# Cruising with Child (ren)



## SuzeII (May 27, 2004)

We are planning on starting some cruising this fall/winter in the Caribbean. I have an eight year old girl and I am looking for good information from people who are cruising with Children. I''ve read what I can find but have found it very limited. Any information would be great. I''m especially interested in peoples experience with schooling.


----------



## Nereus32 (Jun 23, 2002)

We have found the same lack of info. However, we are told by many there are lots of families out there.

We are leaving in a week for a six month cruise with our 2 year old. We''ve prepared for her safety, but keeping her occupied may be a challenge. Luckily, she loves marine life. Her age precludes us from having to worry about the schooling issue. However, my wife was home schooled with Calvert. She give it high grades.


----------



## saltydawg (May 20, 2004)

We are expecting our first baby in 3 or so weeks, and he will call our boat home. Right now we are and will live aboard at a marina for a while, but when we were out cruising we saw and met LOTS of cruising families with kids of ALL ages. They ARE out there! If you do searching on the web, it won''t seem like they are, but they are. A good place to start is in Georgetown in the Exumas. It''s a major kid friendly family hang out. From there you can hook up with other family boats going your way.
best of luck!


----------



## TSOJOURNER (Dec 16, 1999)

We are starting our first season weekend cruising with a two and three year old. I will be interested to follow what information is found regarding long term cruising. 

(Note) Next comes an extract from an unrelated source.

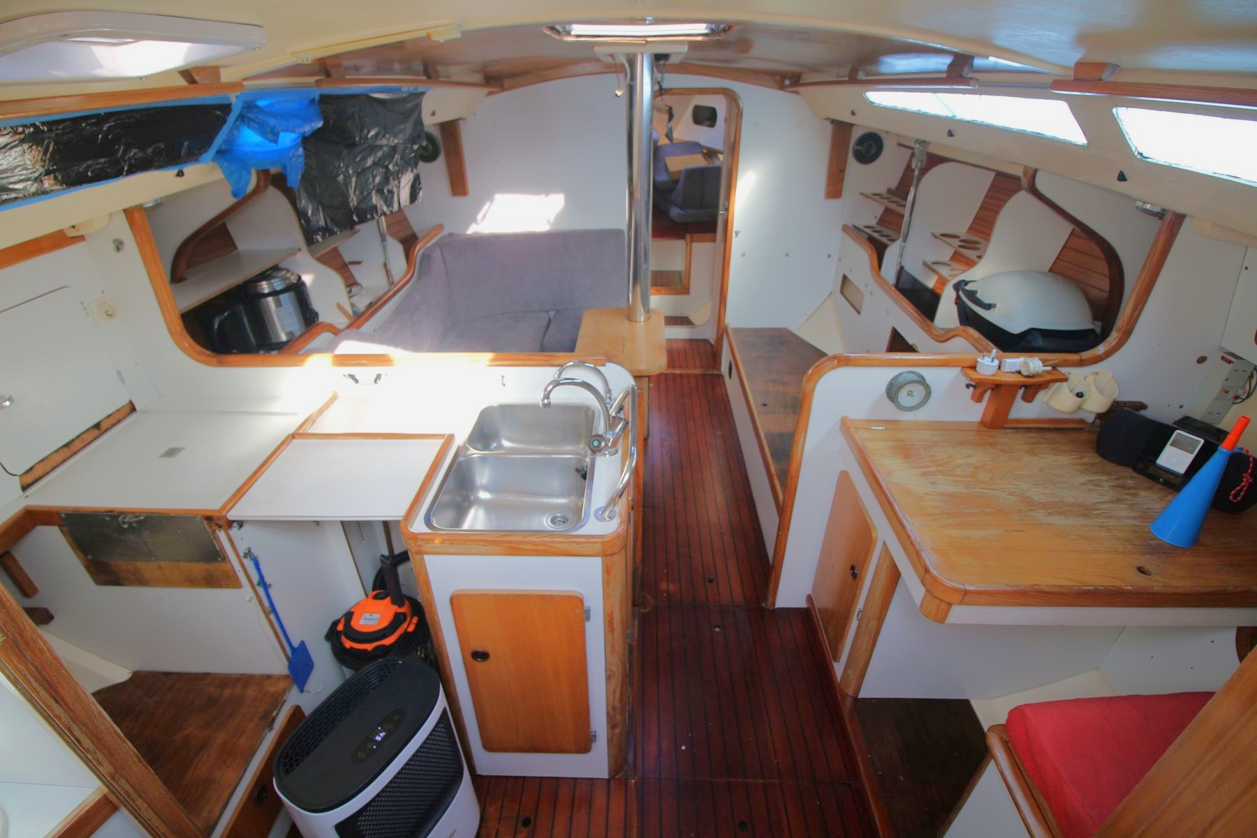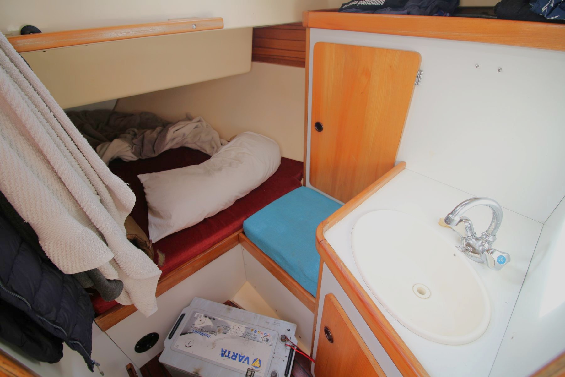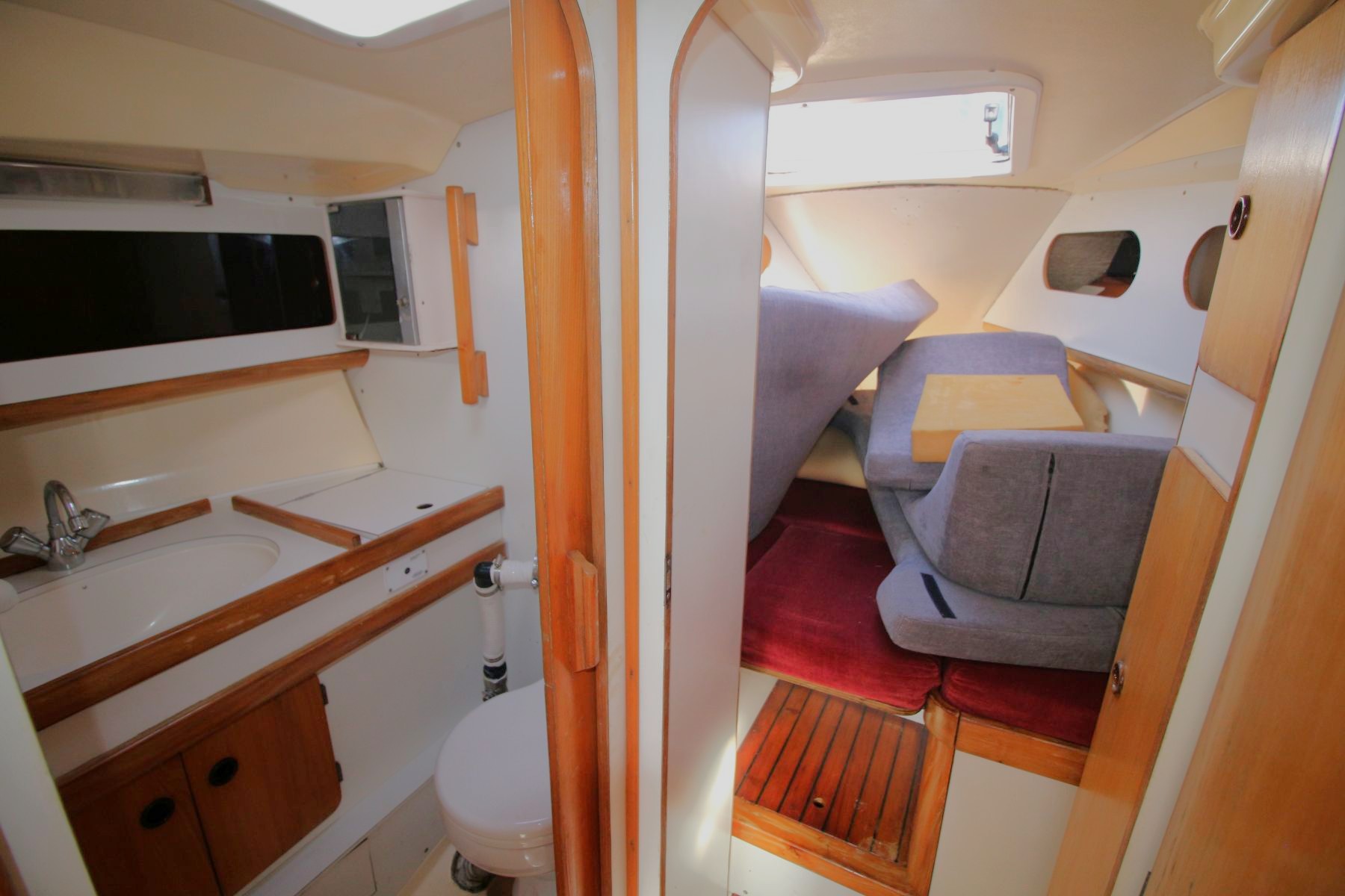 Accommodation Total berths: 6 - 3 Double cabins, electric heads (1 needs checking), 3 hand basins, veneer ply floor. A very comfortable light and well appointed interior with good stowage and headroom. Two aft cabins with sinks which were plumbed for pressurised cold water. Appears that the interior is still in good useable condition mainly needing the woodwork sanded and varnished.

Our three year old took his first unexpected swim this week...I was glad to see the life jacket performs as advertised. He now has an understanding of what "the edge of the dock" is.

Doug


----------



## jbarros (Jul 30, 2002)

in the "her sailing" category, this is actualy discussed at length, with reviews of multiple home schooling programs by cruising parents.

-- James


----------



## TADIAS (Dec 6, 2003)

Here''s a book that may give you some insight. Some of what is said in the book seemed to me to be common sense...but that being said one persons common sense isn''t always common. Book is called Babies Aboard written by Lindsay Green copy 1990 isbn 0-87742-273-7
Best of luck to you. My wife and I are planning to begin our 15year or so trip in November w/ a 2 year old and a 2 month old so we were happy to find this book.


----------



## bobbijooneal (Jul 24, 2004)

We will be departing from Charleston, SC to the Bahamas beginning September 2004. We have a 9 year old son and would love to hook up with other cruising families. We will be aboard our Gulfstar 36 Trawler IMAGINE. http://oneals.blogspot.com 
Hope to see you our there!


----------



## TSOJOURNER (Dec 16, 1999)

I''ve read several books by families cruising with children, and they usualy use a "Home School" program. As someone here mentioned, check out the boards for recomendations. From what I''ve read, they give you the courses and tests. You send in the tests and papers, they give you the results. Every single account I''ve read says cruising children are more advanced then their land based counter-parts, so don''t about that part, and the programs are out there.


----------